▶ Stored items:

---------------

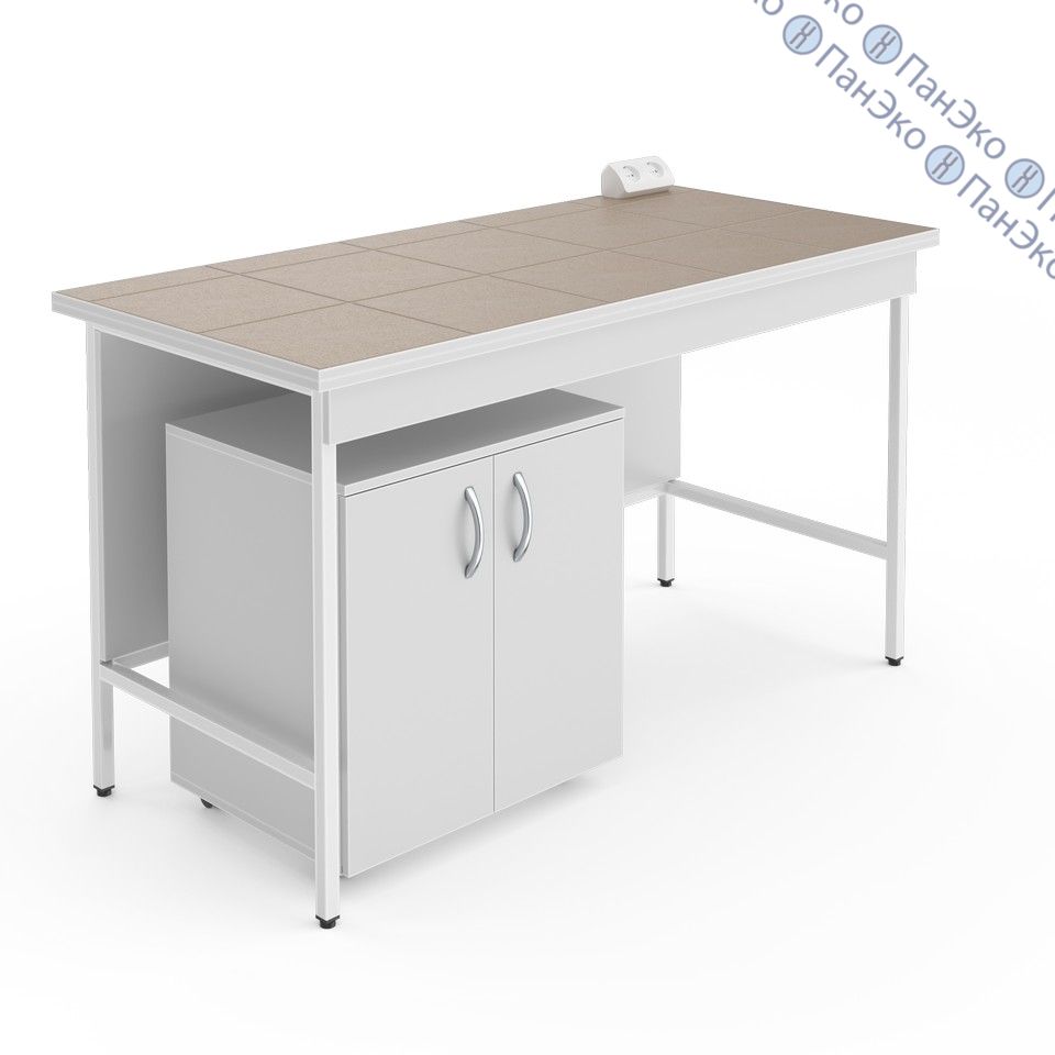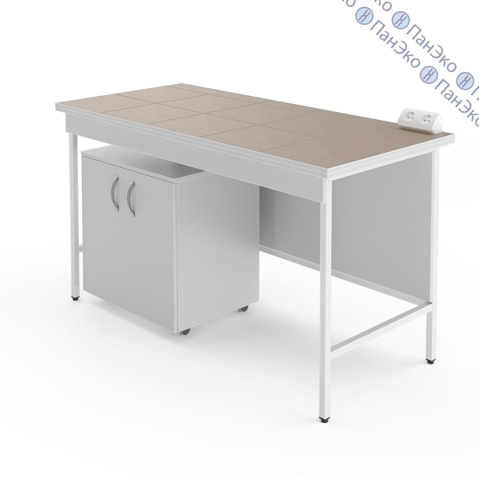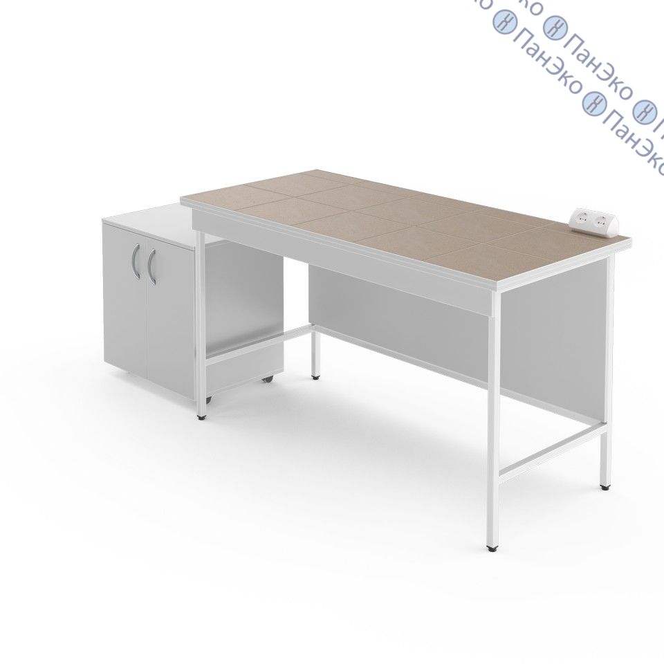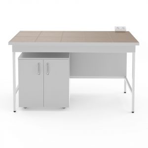 Материал рабочей поверхности: керамогранитная плитка. Она влагостойка и отлично выдерживает высокие температуры. Устойчива к продолжительному воздействию концентрированных кислот, щелочей и органических растворителей. Ограниченно стойка к плавиковой кислоте. Это один из самых популярных видов столешниц для лабораторной мебели.
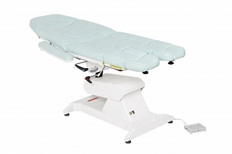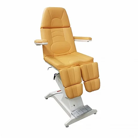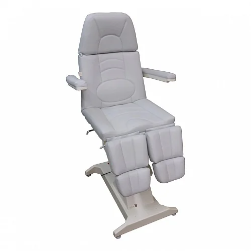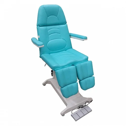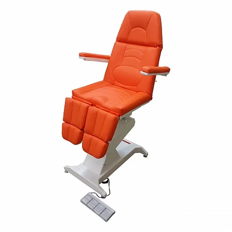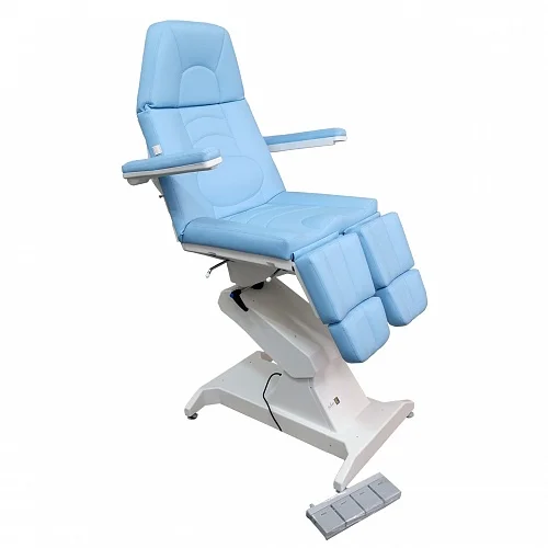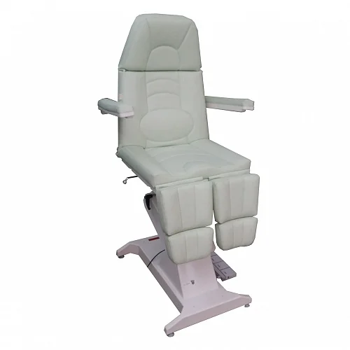 Кресло процедурное ФП-1 ("ФутПрофи-1"), 1 электропривод. Кресло оснащено одним электроприводом итальянского производства (Ciar S.p.A.), регулирующими высоту кресла. Спинка кресла регулируется при помощи газлифта немецкого производства (Stabilus GmbH). Обивка кресла выполнена из высококачественной экокожи, изготовленной в Германии (Konrad Hornschuch AG) – устойчивый к дезинфицирующим растворам износостойкий «дышащий» материал с широкой цветовой гаммой. Железная конструкция кресла скрывается качественным пластиком, не трескающимся и не меняющим цвет с течением времени (в структуре пластика специальные добавки, защищающие материал от ультрафиолетового излучения). Кресло дополнительно может быть оснащено газлифтами на подножках немецкого производства (Stabilus GmbH). Поднимание подножки происходит путем нажатия на рычаг. Регистрационное удостоверение Росздравнадзора РФ № РЗН 2019/8260 от 03.04.2019. Приказ от 03.04.2019 № 2539.
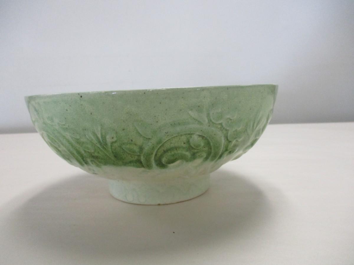 Vintage Royal Haegar Pottery Bowl Scroll Green/Cream
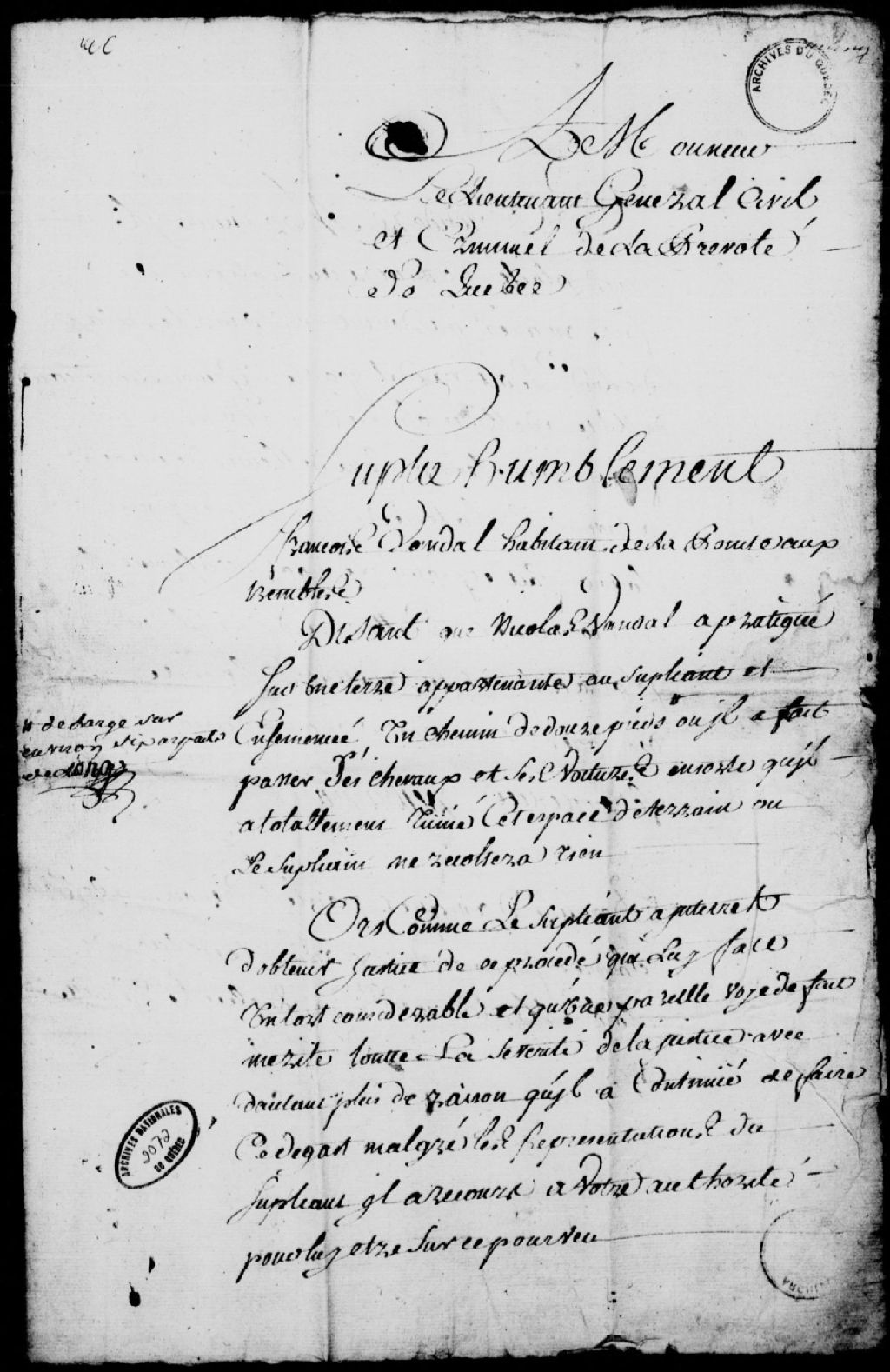 Requête de François Vandal, habitant de la Pointe-aux-Trembles, pour faire assigner Nicolas Vandal, son frère, par le lieutenant de milice Joseph Grenon, à défaut d'huissier, afin d'obtenir cinq cents livres de dédommagement, du fait que son frère a fait passer ses voitures et ses chevaux sur sa terre ensemencée, suivie d'une ordonnance autorisant l'assignation dudit Nicolas Vandal, d'un exploit de signification de la requête et du permis d'assigner ledit Nicolas Vandal, 25 juillet 1757 - 26 juillet 1757, Archives nationales à Québec, Fonds Prévôté de Québec, (03Q,TL1,S11,SS2,D2072).
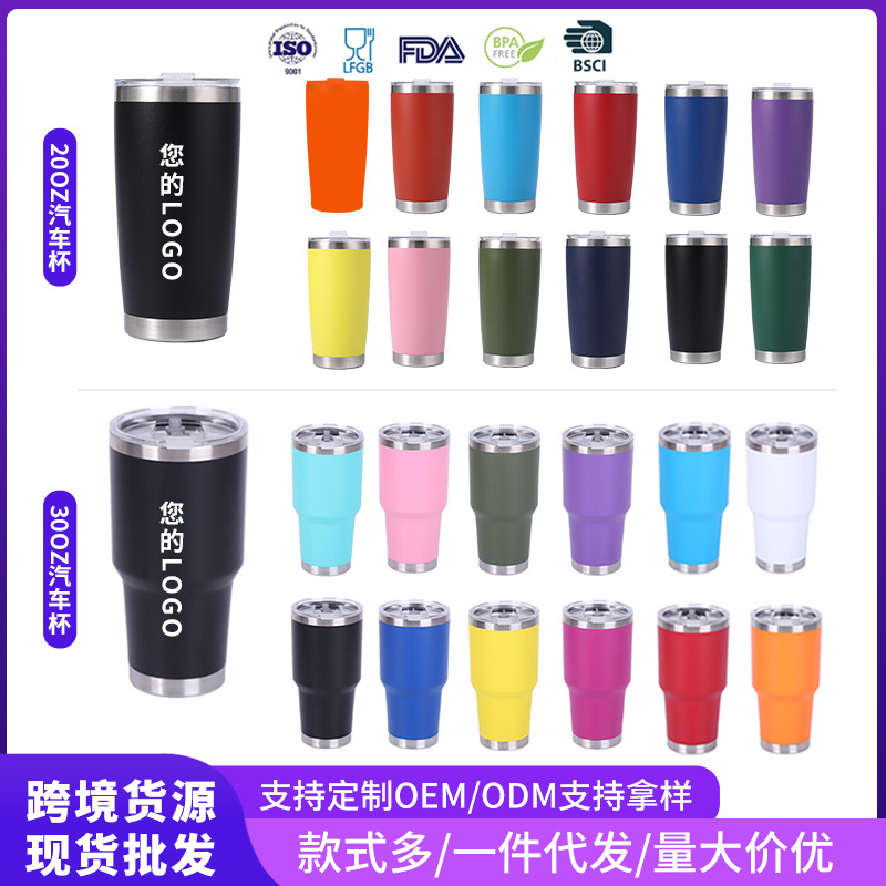 跨境20oz30oz喷塑汽车啤酒杯不锈钢保温保冷杯车载便携冰霸水杯

---------------

▶ Instructions for the task: Pictures should be skipped, and the records retyped word for word.

▶ Expected answer:
 Материал рабочей поверхности: керамогранитная плитка. Она влагостойка и отлично выдерживает высокие температуры. Устойчива к продолжительному воздействию концентрированных кислот, щелочей и органических растворителей. Ограниченно стойка к плавиковой кислоте. Это один из самых популярных видов столешниц для лабораторной мебели.
 Кресло процедурное ФП-1 ("ФутПрофи-1"), 1 электропривод. Кресло оснащено одним электроприводом итальянского производства (Ciar S.p.A.), регулирующими высоту кресла. Спинка кресла регулируется при помощи газлифта немецкого производства (Stabilus GmbH). Обивка кресла выполнена из высококачественной экокожи, изготовленной в Германии (Konrad Hornschuch AG) – устойчивый к дезинфицирующим растворам износостойкий «дышащий» материал с широкой цветовой гаммой. Железная конструкция кресла скрывается качественным пластиком, не трескающимся и не меняющим цвет с течением времени (в структуре пластика специальные добавки, защищающие материал от ультрафиолетового излучения). Кресло дополнительно может быть оснащено газлифтами на подножках немецкого производства (Stabilus GmbH). Поднимание подножки происходит путем нажатия на рычаг. Регистрационное удостоверение Росздравнадзора РФ № РЗН 2019/8260 от 03.04.2019. Приказ от 03.04.2019 № 2539.
 Vintage Royal Haegar Pottery Bowl Scroll Green/Cream
 Requête de François Vandal, habitant de la Pointe-aux-Trembles, pour faire assigner Nicolas Vandal, son frère, par le lieutenant de milice Joseph Grenon, à défaut d'huissier, afin d'obtenir cinq cents livres de dédommagement, du fait que son frère a fait passer ses voitures et ses chevaux sur sa terre ensemencée, suivie d'une ordonnance autorisant l'assignation dudit Nicolas Vandal, d'un exploit de signification de la requête et du permis d'assigner ledit Nicolas Vandal, 25 juillet 1757 - 26 juillet 1757, Archives nationales à Québec, Fonds Prévôté de Québec, (03Q,TL1,S11,SS2,D2072).
 跨境20oz30oz喷塑汽车啤酒杯不锈钢保温保冷杯车载便携冰霸水杯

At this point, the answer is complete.